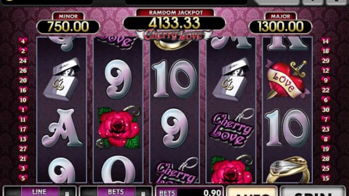 Along with regular 9, 10, J, Q, K, and A symbols, Cherry Love also introduces a half nude model that seems to be ready to strip her lingerie off when a payline is struck. However, she isn’t the only attraction to draw one’s attention, as cherries are the scatters, which can award the user with multiplications or even Free Spins.
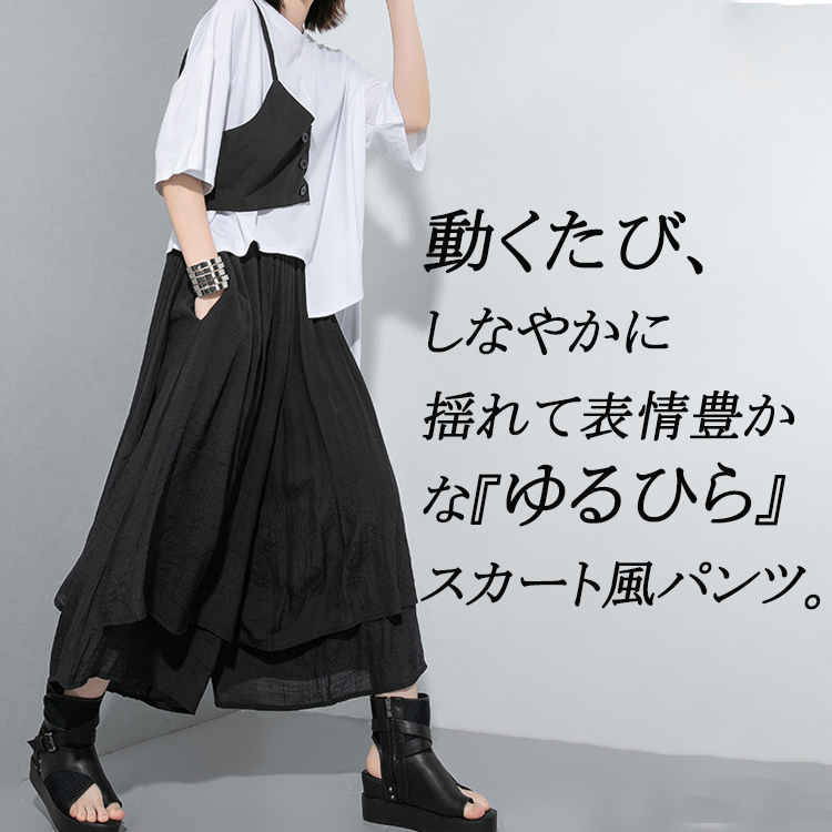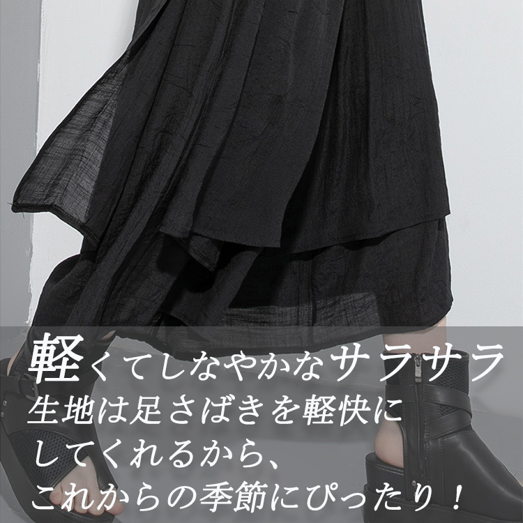 アシンメトリー ゆるひら スラブパンツ ワイドパンツ レディース 春 夏 春コーデ 9分丈 袴パンツ 変形 ダンスパンツ ドレープ モード系 イージーパンツ ボトムス スカンツ ガウチョ きれいめ ゆったり 送料無料
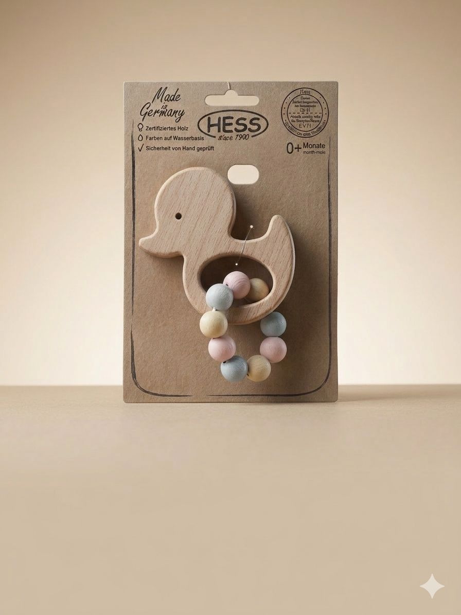 Bijtring/ rammelaar van hout eend van het merk Hess
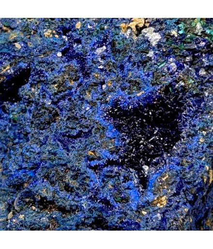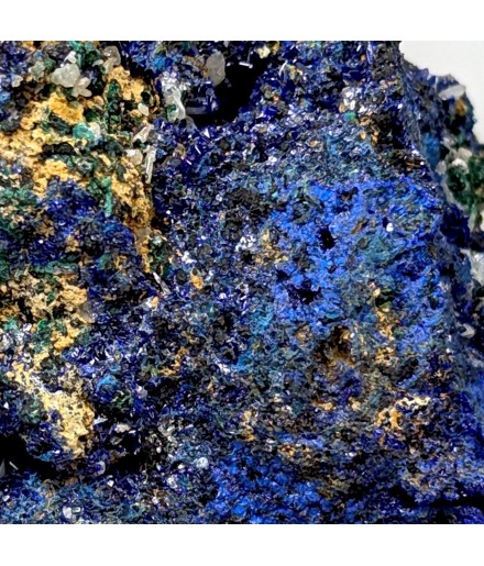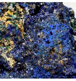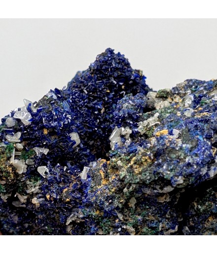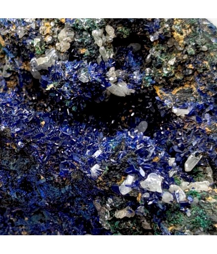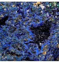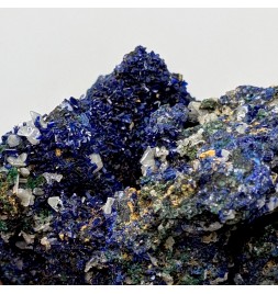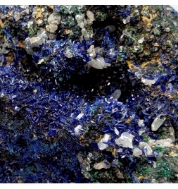 Sample ofazurite dark blue, crystallized in geode areas, associated with cerusite white.
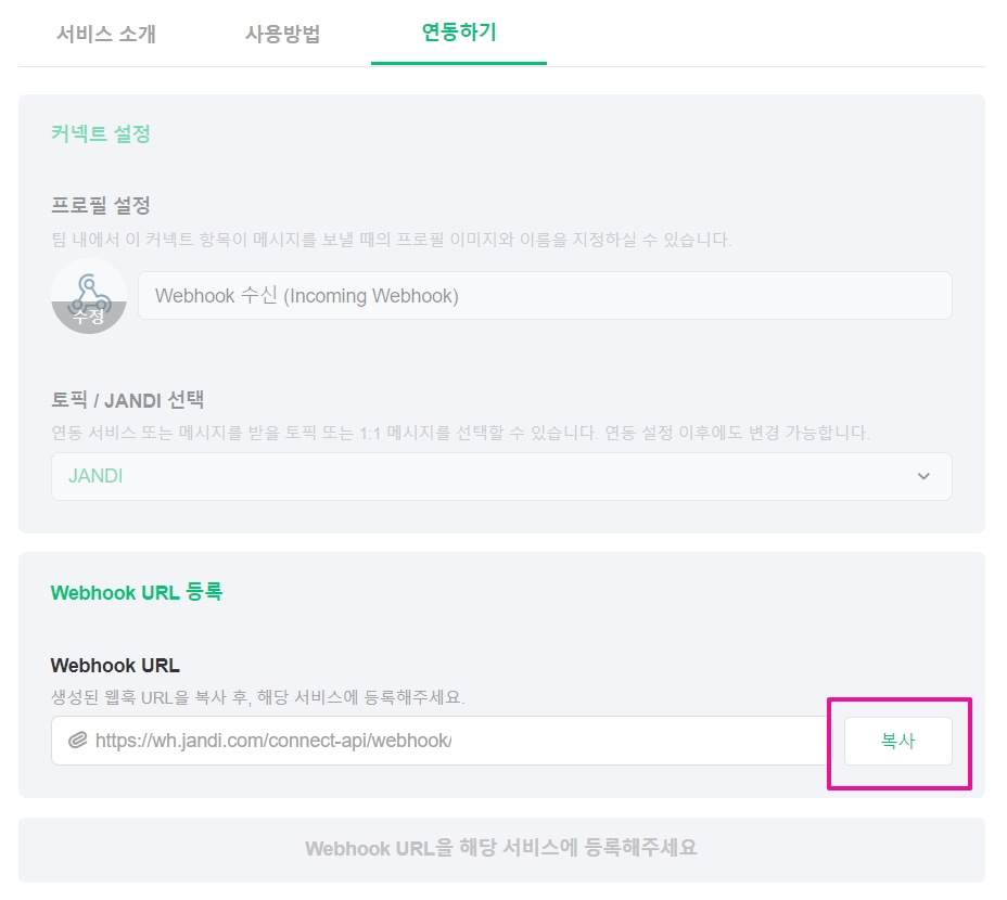 1-3) Webhook URL [복사하기] 버튼을 클릭해 메모해 주세요. (*설정 시 Webhook url 필요)
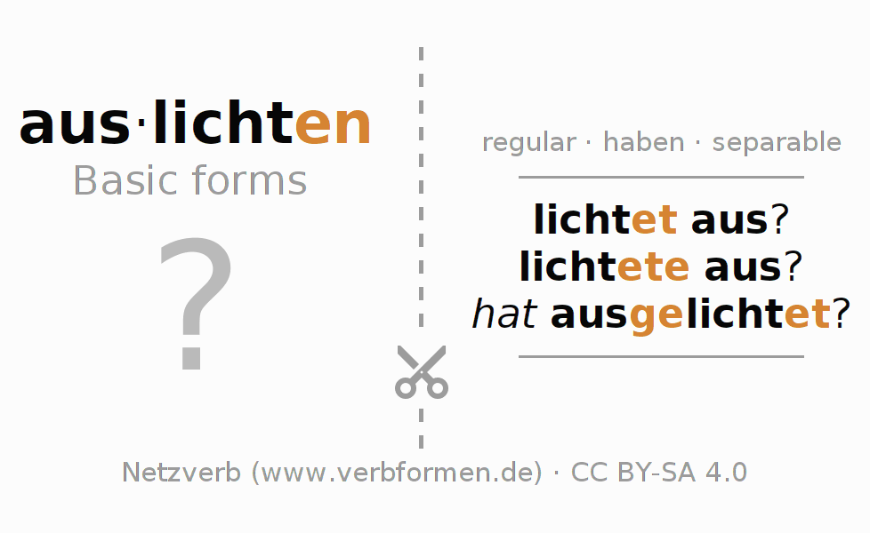 Worksheets are used generally for the conjugation of the verb auslichten in teaching. The materials can be used as Open Educational Resources (OER) for exercises, for games and as Tasks (CC BY-SA 4.0). There are many different types of tasks available for the verb auslichten. These are overview sheets with complete conjugation, puzzles and games that require joint learning. The entire educational material is available for free as a PDF download, as pictures and as an interactive browser version. In addition to the tasks, countless examples for auslichten also provide an aid to using the verb.
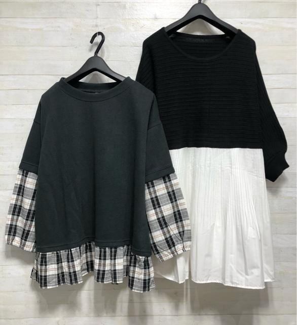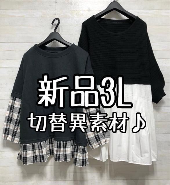 新品☆3L♪異素材切替デザイン♪おしゃれトップス2枚セット〇p939
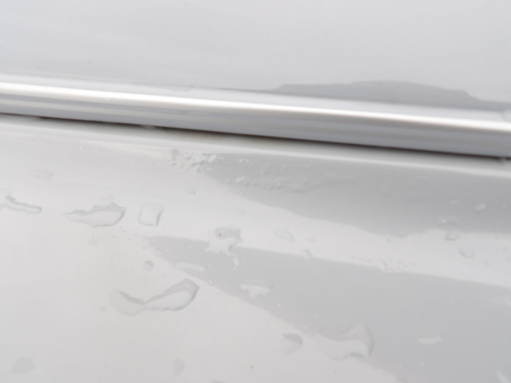 - Élégante configuration, grise avec intérieur cuir beige et tablettes arrière pique-nique en bois précieux
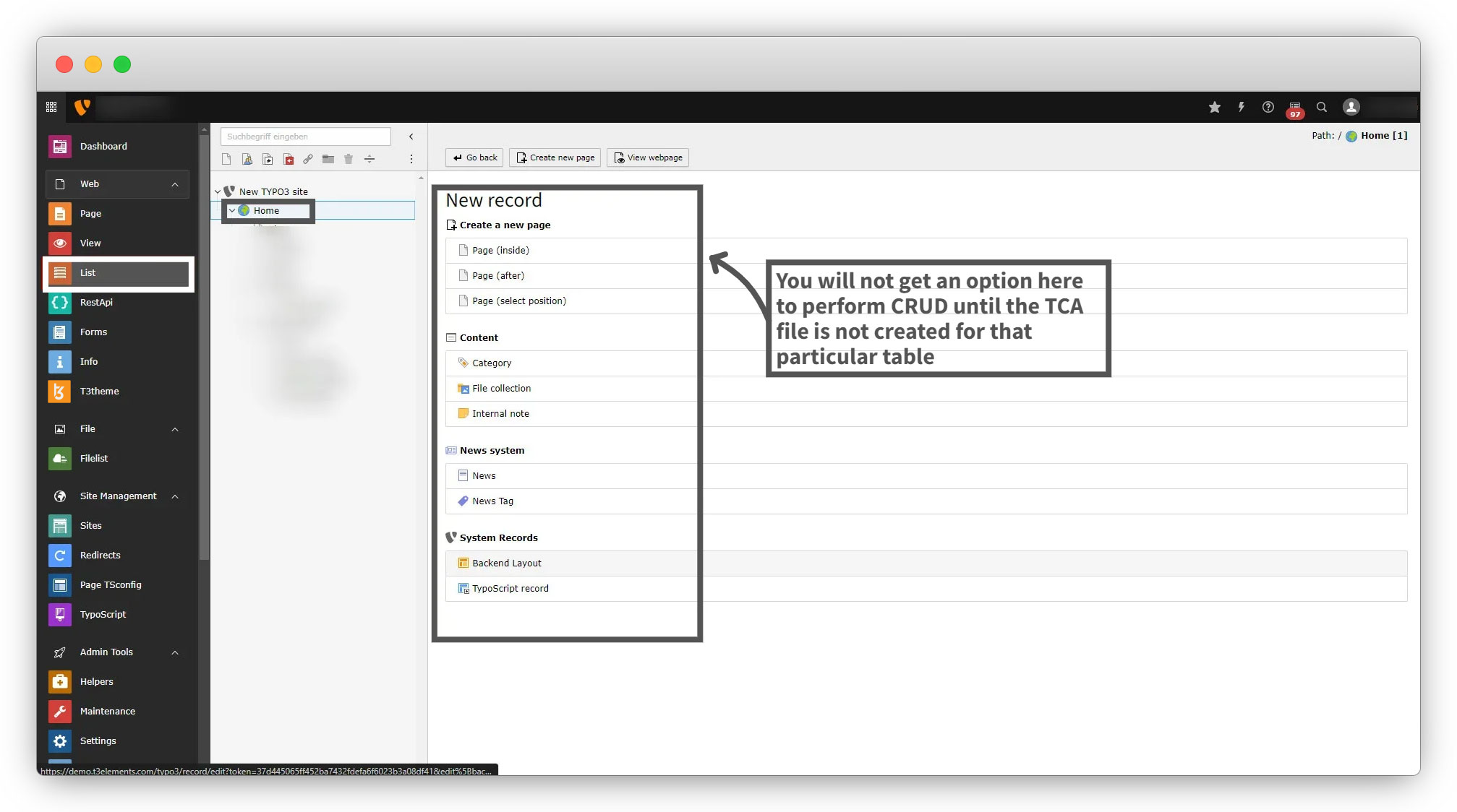 6. Database tables with no corresponding entry in $GLOBALS[‘TCA’] are “invisible” to the TYPO3 backend, so if no TCA file is created for individual table, then you will not find any option in backend to add new record for that particular table.
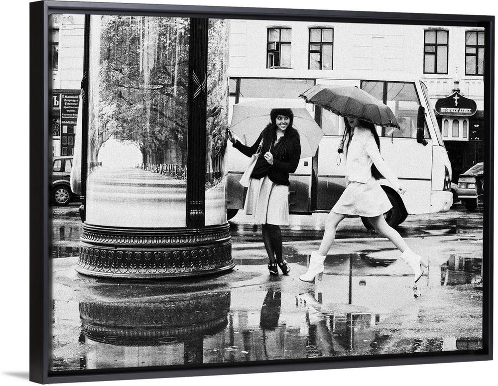 <p>Two young women with umbrellas avoid puddles in the street.</p>
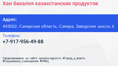 Хан, бакалея казахстанских продуктов по адресу 443022, Самарская область, Самара, Заводское шоссе, 6 в дальнейшем Организация, размещена в следующих категориях:
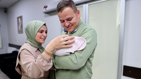 70 günlük yoğun bakım sürecinin ardından sağlığına kavuşan bebeklerini kucaklarına alan çift, evlatlarını bağrına basmanın mutluluğunu yaşıyor.
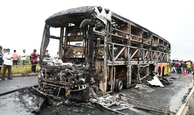 (c) Sky News 2025: At least 25 killed as bus bursts into flames after crash with motorbike in India
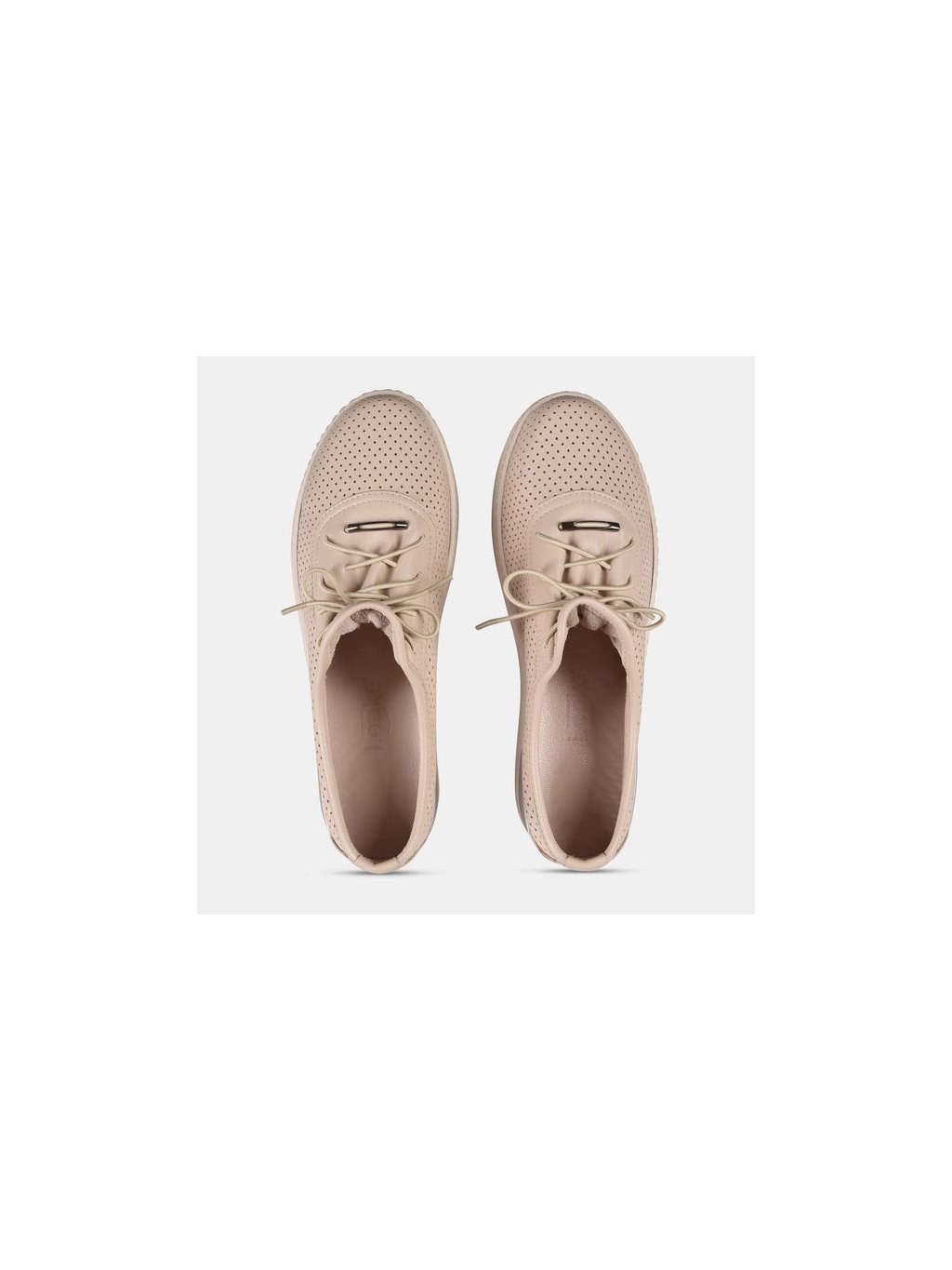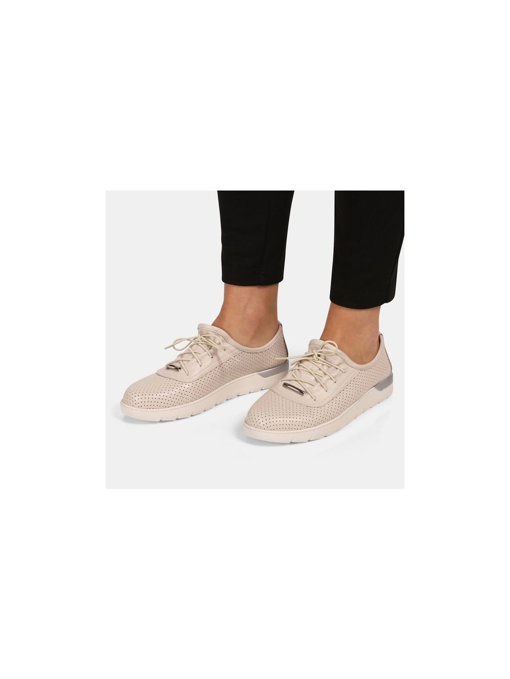 Pohodlné perforované tenisky z pravé kůže v krémové barvě a s ozdobným válečkem na tkaničkách.
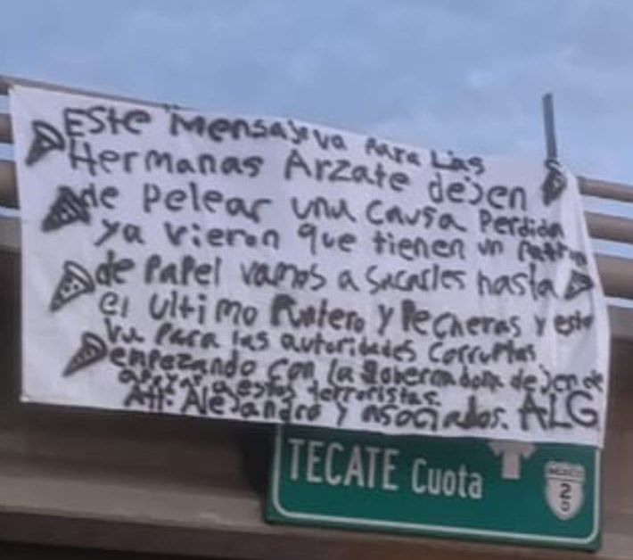 La ola de violencia e intimidación no cesa en Tijuana. La mañana de este lunes fue reportado el hallazgo de una narcomanta colgada en un puente peatonal del área conocida como «El Gato Bronco», una vialidad de alto flujo vehicular en la ciudad.
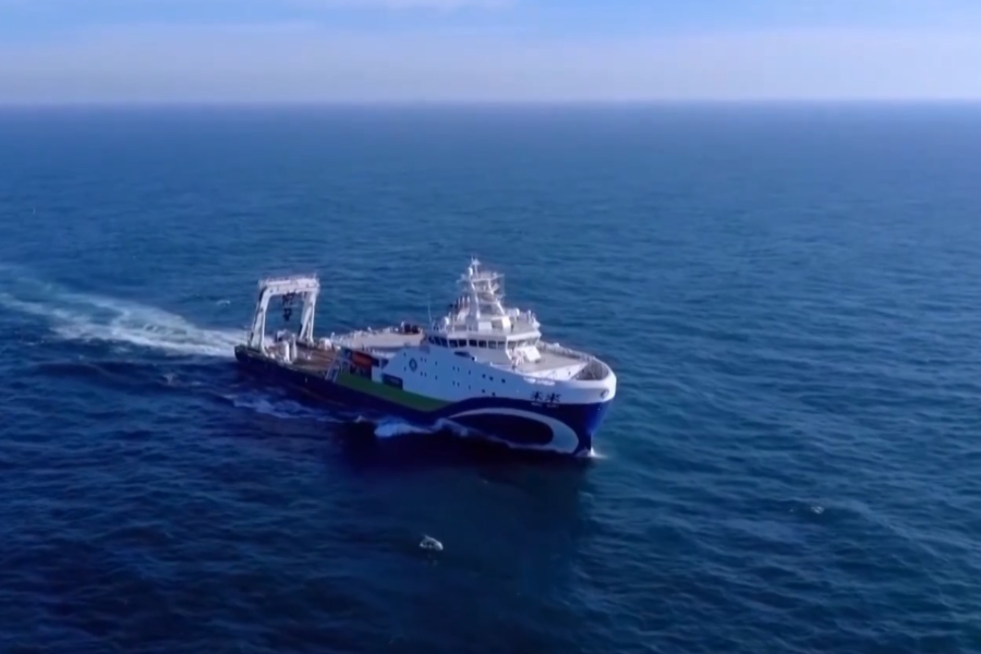 深海技术科学太湖实验室副主任 吴文伟:这艘船采用了全电力推进,包括它的整个节能能效采用了一些综合的技术手段,使这条船的能效比非常高。另外一个特点就是智能化,它可以采取智能化的避碰,无人控制,高效智能化的信息数据融合,目前在国际上都是比较领先的。
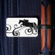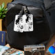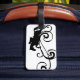 Das Bild zeigt ein Jäger-Jumper-Pferd und ein Reiter, der über hübschen wirbelfarbene Flecken in Schwarz-Weiß springt. Ein großartiges Geschenk für Pferdeliebhaber jeden Alters!
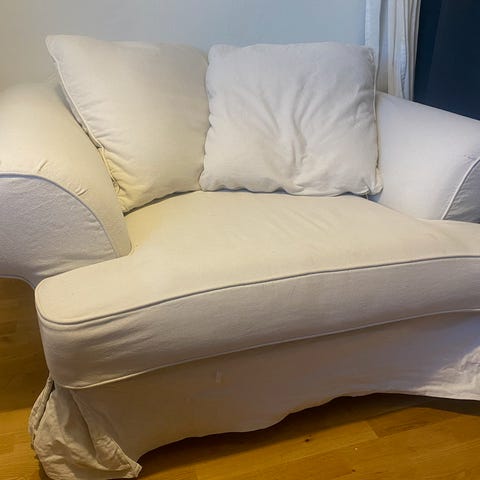 Ikea grönlid schäslong, vit. Extra klädslar till armstöd.

____

* ASSIGNMENT
Pictures excluded, reproduce only the part above that opens with the line holding "アシンメトリー ゆるひら スラブパンツ" and closes with the line holding "1-3) Webhook URL", exactly as written.

* RESULT
 アシンメトリー ゆるひら スラブパンツ ワイドパンツ レディース 春 夏 春コーデ 9分丈 袴パンツ 変形 ダンスパンツ ドレープ モード系 イージーパンツ ボトムス スカンツ ガウチョ きれいめ ゆったり 送料無料
 Bijtring/ rammelaar van hout eend van het merk Hess
 Sample ofazurite dark blue, crystallized in geode areas, associated with cerusite white.
 1-3) Webhook URL [복사하기] 버튼을 클릭해 메모해 주세요. (*설정 시 Webhook url 필요)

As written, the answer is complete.